Check out our blog for more on the theory behind it, our detailed validation results & in depth guides for how to evaluate a range of use cases, based on customers we’ve worked with.

What are Evaluation Criteria?

Evaluation criteria are simple, single-sentence instructions that tell Composo exactly what to evaluate in your LLM outputs. You write them in plain English, starting with either “Reward responses that…” or “Penalize responses that…”.

Example:

  • Input: A customer service conversation
  • Criteria: "Reward responses that express appropriate empathy when the user is frustrated"
  • Result: Composo analyzes the response and returns a score from 0-1 based on how well it meets this criteria

This single sentence is all you need - no complex rubrics, no prompt engineering, no unreliable LLM judges. Just describe what good (or bad) looks like, and Composo handles the rest.

Technical Architecture

Composo uses a generative reward model architecture that combines:

  • A custom-trained reasoning model that analyzes inputs against criteria
  • A specialized scoring model that produces calibrated, deterministic scores

This approach achieves 89% accuracy on real-world evaluation tasks compared to 72% for LLM-as-judge methods, with a 60% reduction in error rate.

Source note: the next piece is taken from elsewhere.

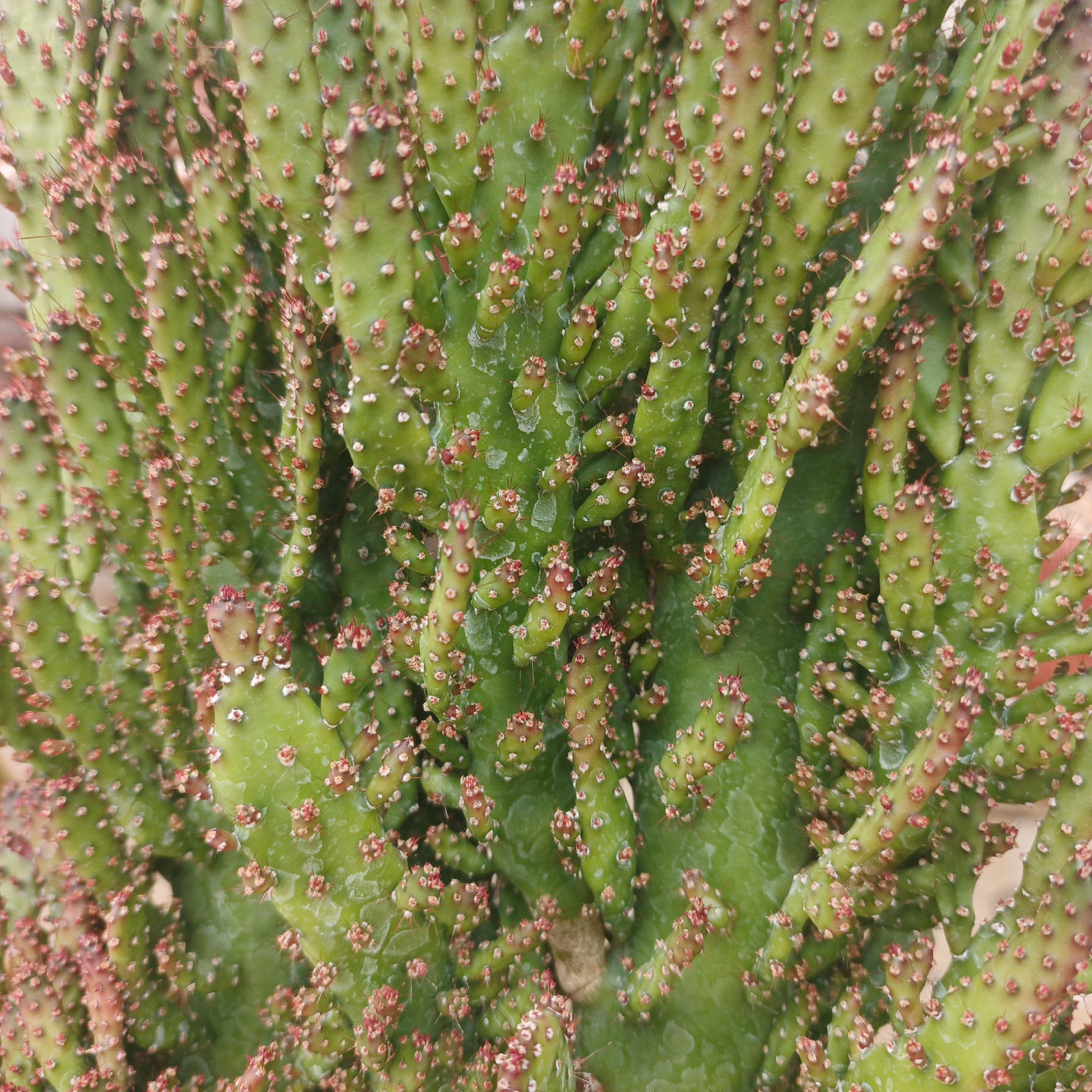 A detailed close-up shot displays a green cactus with numerous small, red-tipped areoles. The cactus appears to have multiple segments or stems densely packed together. The image was captured in Tinaq…read more

Key Differences from LLM-as-Judge

  1. Deterministic: Same inputs always produce identical scores
  2. Calibrated: Scores meaningfully distributed across 0-1 range
  3. Consistent: Robust to minor wording changes in criteria
  4. Accurate: Trained specifically for evaluation, not general text generation

Core Capabilities

Composo offers three types of evaluation metrics:

  1. Response Evaluation - Assess the quality of LLM outputs
  2. Tool Call Evaluation - Measure how well LLMs use functions and tools

Each evaluation type supports two scoring methods:

  • Reward: Continuous scoring from 0 to 1
  • Binary: Pass/fail assessment

How It Works

The Evals API offers two primary evaluation mechanisms:

  1. Reward Score Evaluation: For continuous scoring (recommended for most use cases). Learn more »
  2. Binary Evaluation: Use for simple pass/fail assessments against specific rules or policies. Perfect for content moderation and clear-cut criteria. Learn more »

You specify what to evaluate through your criteria.

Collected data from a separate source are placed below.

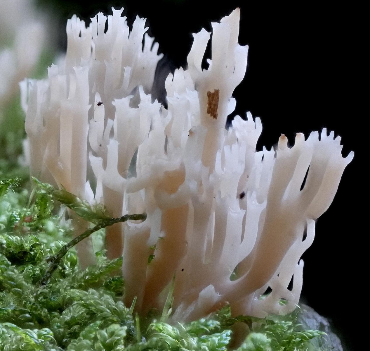 Auf einem bemoosten Baumstamm fand ich gestern diese kleinen korallenförmigen Pilze.
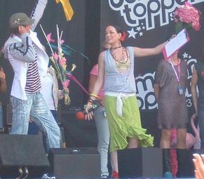 Keywords: SannaBråding2005.jpg Swedish actress and radio host Sanna Bråding at Gatufesten in Sundsvall Sweden Among the partly obscured people can be found radio host Anton Berg left front pop singer-songwriter Robyn left back and BWO keyboardist Marina Schiptjenko right back Self-made work Fujifilm FinePix A303 camera 2005-07-09 Hans Lindqvist PD-Sweden-self Gatufesten 2005 in Stenstan Sanna Bråding |
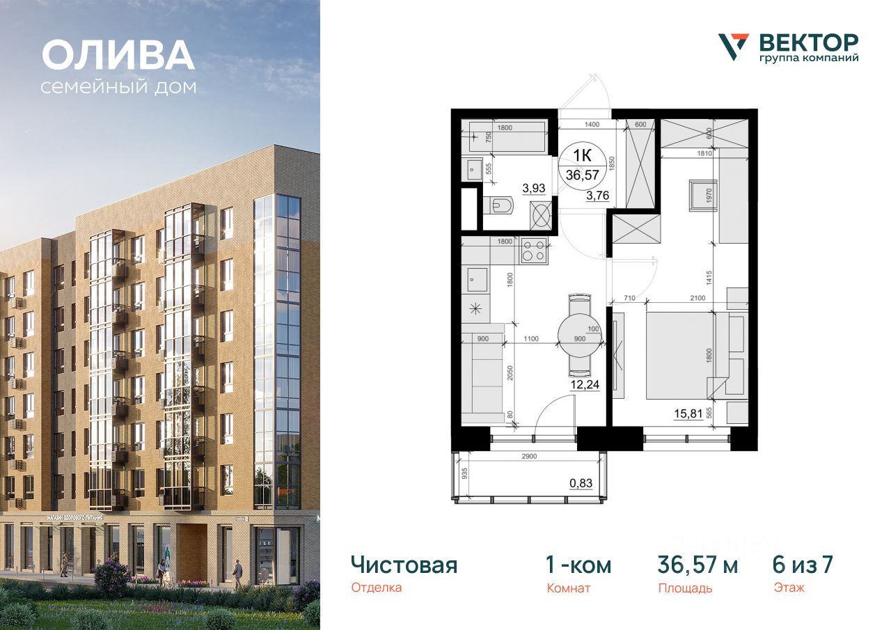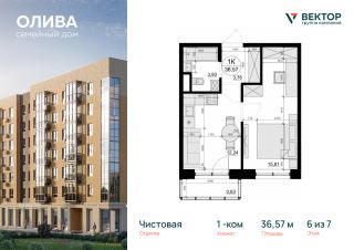 Продается 1-комн. квартира площадью 36,57 кв.м на 6 этаже 7 этажного дома в ЖК "Семейный дом Олива" от федерального девелопера ГК "Вектор".

So for the reward endpoint:

  • "Reward responses that..." - Positive response evaluation
  • "Penalize responses that..." - Negative response evaluation

And for the binary endpoint:

  • "Response passes if..." - Positive response evaluation
  • "Response fails if..." - Negative response evaluation

Message Format

Both endpoints accept the same message format:

{
    "messages": [
        {"role": "system", "content": "..."},
        {"role": "user", "content": "..."},
        {"role": "assistant", "content": "..."},
        {"role": "function", "name": "...", "content": "..."},
        {"role": "assistant", "content": "..."}
    ],
    "evaluation_criteria": "Reward responses that..."
}

FAQs

Should I include system message when evaluating with Composo?

  • Optional whether you include in an evaluation API call, but can be helpful to include them as they provide useful context, so we do recommend trying with this included.

What’s the context limit?

  • 120k tokens

What’s an expected response time?

  • 5-15s per API call

Can I run parallel requests?

  • Yes, but recommend limiting to 5 parallel API calls

What languages are supported?

  • Our evaluation models support all major languages plus code. A good rule of thumb is that if you don’t need a specialised model to deal with your language then we can handle it

Get Started with Composo

Ready to see how Composo compares to your current evaluation approach? Book in for a quick demo here.

For any questions or to learn more about how Composo can support your needs, reach out to us at [email protected].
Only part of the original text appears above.